Nerve growth factor and neurotrophin-3

There were no significant differences in NGF mRNA between groups at any time point (Fig. 3d). NT-3 mRNA was down-regulated in all operated groups compared with controls, but only at the 2-week time point (Fig. 3e, p < 0.05 at 2 weeks, p > 0.05 at all other times). At 2 weeks, a post hoc Tukey test revealed no differences between sensory protected, immediate repair, and denervated groups. NT-3 mRNA returned to control levels in all operated groups by 1 month following transection.

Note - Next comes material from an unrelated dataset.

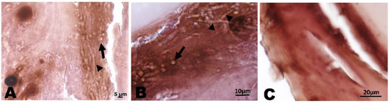 Candida and Fusarium presence alone or together within G. mellonella tissues was assessed via collecting larvae, injected with the pathogens, as described above, from each group on day 3 post-infection and treatment. For histology, the infected and control larvae were processed with histological protocols for optical microscopy. Briefly, the samples were fixed with 10% neutral formalin; then, they were dehydrated with an ethanol gradient (70, 80, 90, 96, and 100% ethanol) and embedded in paraffin. Hematoxylin–eosin staining was performed on sections of 10 µm [30]. The images were acquired with a Zeiss Axiocam Microscope Camera Applied to a Zeiss Axioscope microscope (Zeiss, Jena, Germany).

Axon numbers and morphometry in distal segments

There were no regenerating axons found at 3 months after surgery in the distal stumps of the denervated group. The number of regenerating axons in sensory protected and immediate repair groups were significantly different from the denervated group (Fig. 4a, p < 0.05), but there was no significant difference in fiber numbers between the sensory protected and the immediate repair groups (Fig. 4a, p > 0.05). Mean diameter of the regenerating axons of the sensory protected and immediate repair groups were also not different (Fig. 4b, p > 0.05). Regenerating groups did not differ in mean area of the regenerating axons or mean area of the myelin, although there was trend towards smaller axon and myelin area in the regenerating saphenous nerve compared with the peroneal nerve (Fig. 4c, p > 0.05).

Figure 4.

 No difference between sensory and mixed motor nerves in number of regenerating axons, axon diameter, axon area, or myelin area in distal stump (p > 0.05). (a) number of regenerating axons per 100 μm2 of nerve area, (b) mean axon diameter, (c) mean axon and myelin area. Asterisk (*) indicates significant difference between denervated group (D) and immediate repair (IR) or sensory protected (SP), post hoc Tukey test p < 0.05. Number of animals: IR n = 5, SP n = 5, and D n = 4. Error bars represent SEM.

Discussion

Following nerve injury, regeneration and recovery of function can occur if reinnervation is not delayed. However, at 2–3 months post-injury and longer, in the absence of successful nerve regeneration, the muscle suffers irreversible atrophy that cannot be overcome by the regenerating nerve (Fu and Gordon 1995; Kobayashi et al. 1997; Bain et al. 2001). Changes in the profile of proteins synthesized by muscle 2–3 months after nerve injury contribute substantially to irreversible muscle atrophy (Batt et al. 2006). It has been proposed that the collagenization of the distal stump with concomitant blockage of the pathway for regenerating axons is an additional barrier to recovery (Fu and Gordon 1995; Veltri et al. 2005). Another suggested mechanism is the failure of Schwann cells in the distal stump to continue secreting nerve growth-promoting trophic factors (Fu and Gordon 1995). We show in this study that the denervated distal nerve stump can, in fact, continue to express neurotrophic factor mRNA, specifically elevated levels of BDNF and GDNF and control levels of NGF and NT-3, for at least 6 months, suggesting that loss of distal stump neurotrophic factor expression is not a mechanism of irreversible muscle atrophy.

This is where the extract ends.